Part of the reason it's being moved is because it had become a gathering spot not only for Russian nationalists, some of whom dressed in Red Army uniforms and sang the Russian national anthem (which is painfully hard for older Estonians to take after being ground under Russia's boot for 5 decades) but also for Estonian nationalists. There was concern that it would become a spot for confrontations between the two groups, and it was thought everyone would behave more civilly around the statue if it were in a solemn place like a cemetery. (Incidentally Russia in recent weeks has removed similar memorial statues in its own territory for various reasons, and local people have protested this.)
Second of all, in reference to how I would like it if the French "desecrated a monument to U.S. soldiers" -- the US hasn't ever enslaved France, killed or shipped a large number of its people to labor camps in Siberia, taken over the entire country by brutal force, forced the French to speak English and their children to attend school only in English, forbidden them to attend churches, prohibited them from overseas travel or news from democratic countries, banned the French national anthem and flag, taken over French homes and farms, and shipped over hundreds of thousands of Americans to take all the good land and all the good jobs.
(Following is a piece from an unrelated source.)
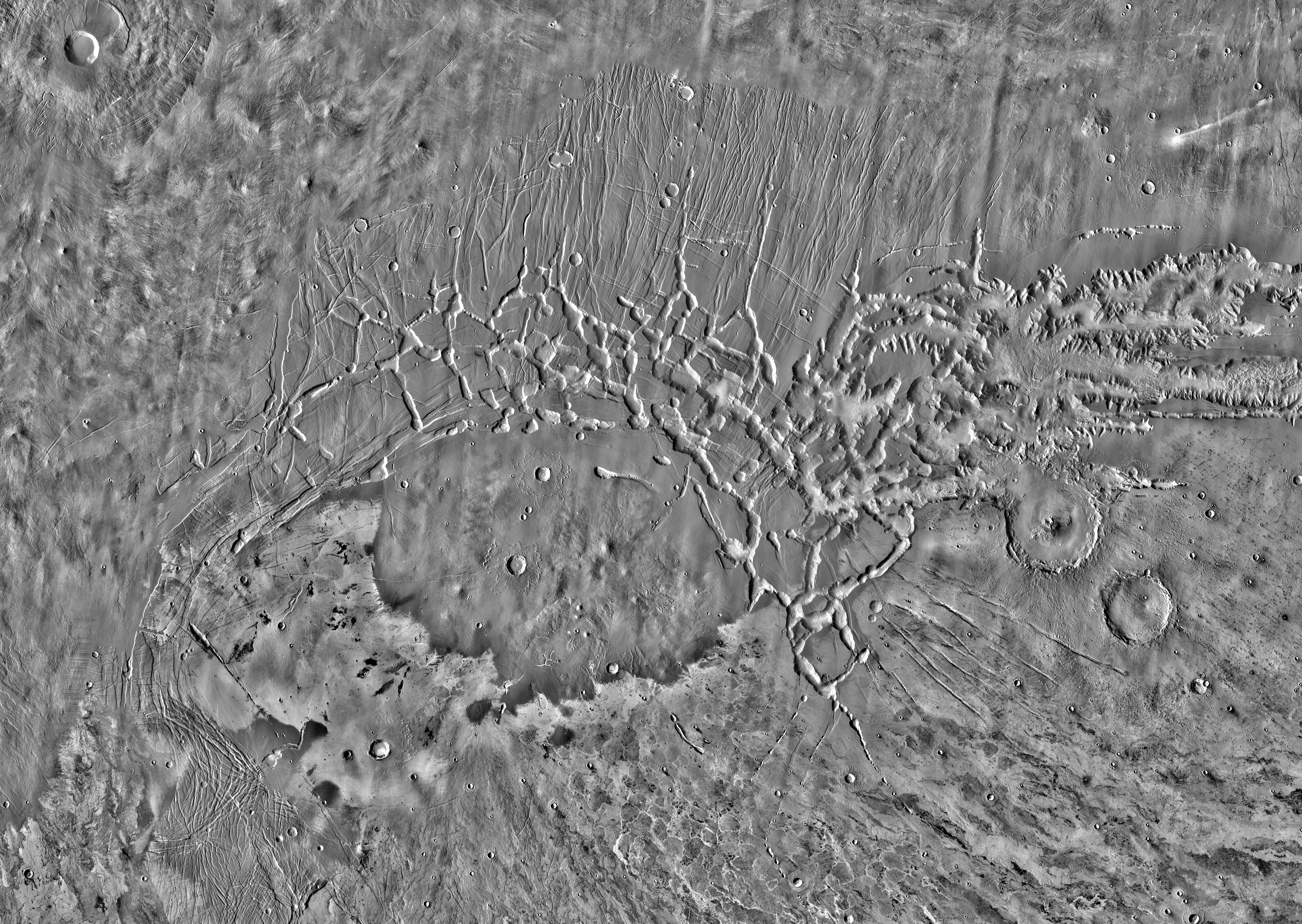 THEMIS daytime infrared image mosaic showing Noctis Labyrinthus, a region of Mars containing a maze-like system of deep, steep-walled valleys, and its surroundings. The Tharsis volcanic province is to the the west (the shield volcano Pavonis Mons is at upper left) and the canyon system Valles Marineris lies to the east. Some of the features in this mosaic are annotated in Wikimedia Commons.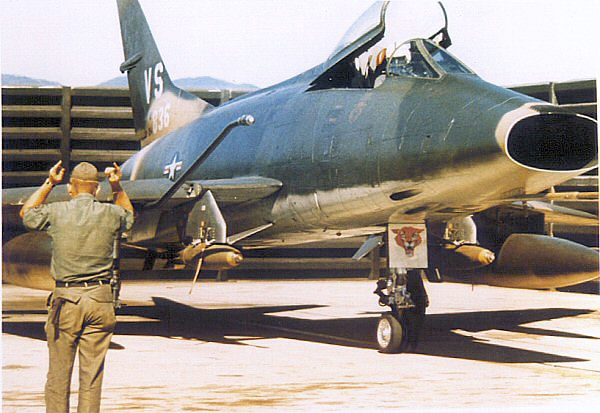 A U.S. Air Force North American F-100C-15-NA Super Sabre (s/n 54-1836) of the 120th Tactical Fighter Squadron, Colorado Air National Guard, at Phan Rang Air Base, South Vietnam, in 1968. 54-1836 was retired to the MASDC on 30 November 1971.

All the while, these occupying Americans would be refusing to learn so much as a word of French, and treating the native French like dirt.
And then, when "generously" letting the French taste freedom after 50 years of occupation, leaving behind hundreds of thousands of Americans who continue to live there refusing to learn French or recognize that they are no longer the overlords. Oh, and let's not forget, if these remaining Americans don't like the way they are treated by the newly free French (who might understandably be bitter after 50 years of mistreatment) they whine to the U.S., which threatens military force against France for not coddling the Americans there. And every one of those remaining Americans in France could easily become a citizen if they just exerted themselves to attain a very small working knowledge of the French language,
As for my "republicanism," here's my voting record: 1972 George McGovern; 1976 campaigned for Fred Harris in primary, voted for Carter; 1980, campaigned and voted for Barry Commoner as a member of the Citizens Party because I felt Democrats were too pro-corporation; 1984, campaigned and voted for Sonia Johnson of the Citizens Party; 1988, campaigned for Jesse Jackson but ended up voting for Dukakis; 1992, originally halfheartedly supported Jerry Brown, then campaigned and voted for Clinton; 1996 halfheartedly supported Clinton (concerned because he was too corporate and middle of the road); 2000, campaigned and voted for Gore; 2004, supported and campaigned for Kucinich in primary but wound up campaigning and voting for Kerry.
If that's the voting record of a "republican," I fail to see how.
I wonder why I'm bothering to even respond to your comments, because I'm sure you won't make any effort to understand a viewpoint other than your own.
You are bound and determined to think that "eSStonians" are all Nazis, right? Well, let me tell you that my father, a socialist, had to flee from Estonia when the Nazis occupied the country in 1941, because there was a price on his head. He HATED the Nazis, and also he hated the Stalinists who were evil murdering swine, who massacred Estonians, Latvians, Lithuanians, Polish, Ukrainians and people of other ethnic groups, and who murdered Russians by the tens or hundreds of thousands.